▶ _EXERCISE GOAL_:
In the listing below, find the line with "Импетиго – это" and the line with "- Balanoposthitis is", then return them and every line between them exactly, minus the pictures.

▶ _AVAILABLE DATA_:
[Start of section]

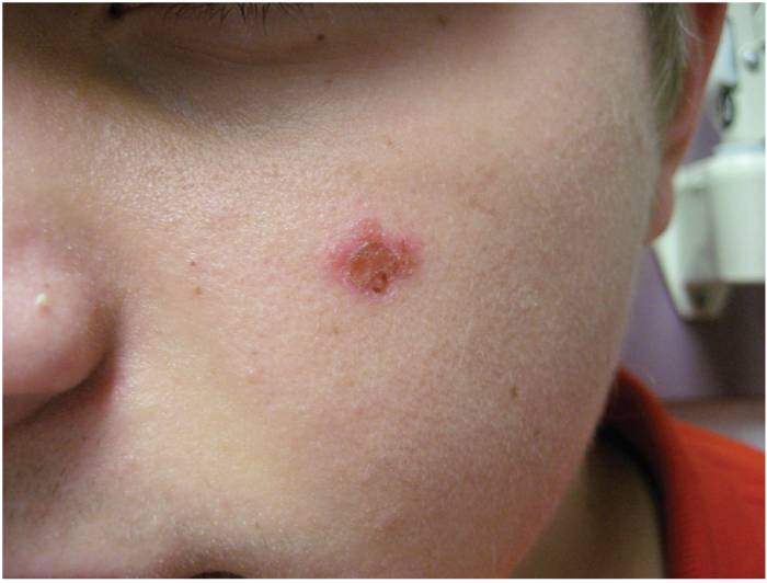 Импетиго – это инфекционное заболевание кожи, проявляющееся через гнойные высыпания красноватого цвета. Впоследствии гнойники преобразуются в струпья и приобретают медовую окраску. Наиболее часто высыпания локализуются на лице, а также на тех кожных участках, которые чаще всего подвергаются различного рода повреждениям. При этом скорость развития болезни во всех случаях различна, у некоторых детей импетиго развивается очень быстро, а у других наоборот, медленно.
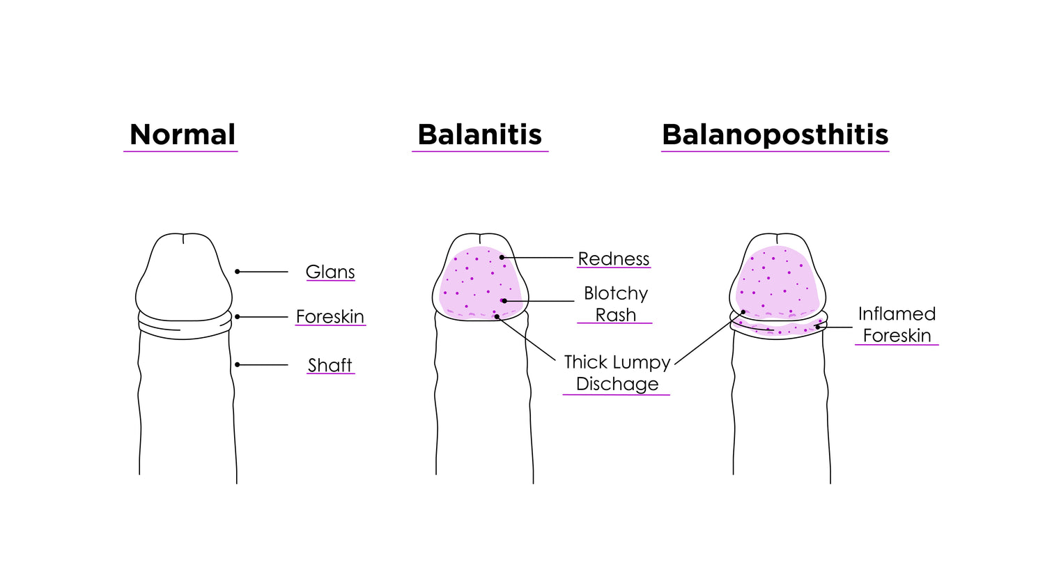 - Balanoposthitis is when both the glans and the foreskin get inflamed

[End of section]
[Start of section]

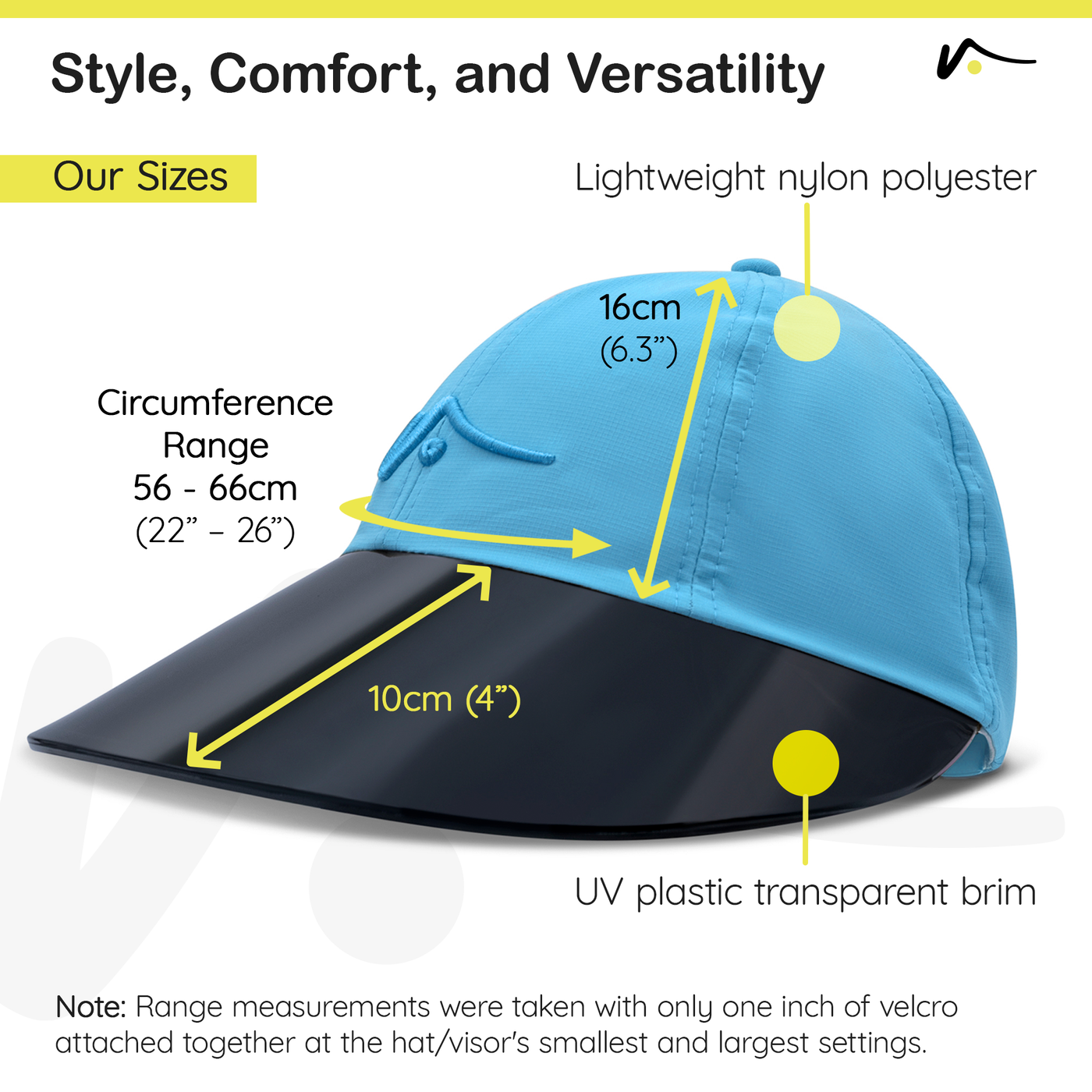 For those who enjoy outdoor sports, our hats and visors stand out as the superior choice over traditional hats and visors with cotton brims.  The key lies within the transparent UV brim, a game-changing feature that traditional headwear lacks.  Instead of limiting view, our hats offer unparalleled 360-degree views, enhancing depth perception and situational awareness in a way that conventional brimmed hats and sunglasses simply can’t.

[End of section]

▶ _RESPONSE TO THE TASK_:
 Импетиго – это инфекционное заболевание кожи, проявляющееся через гнойные высыпания красноватого цвета. Впоследствии гнойники преобразуются в струпья и приобретают медовую окраску. Наиболее часто высыпания локализуются на лице, а также на тех кожных участках, которые чаще всего подвергаются различного рода повреждениям. При этом скорость развития болезни во всех случаях различна, у некоторых детей импетиго развивается очень быстро, а у других наоборот, медленно.
 - Balanoposthitis is when both the glans and the foreskin get inflamed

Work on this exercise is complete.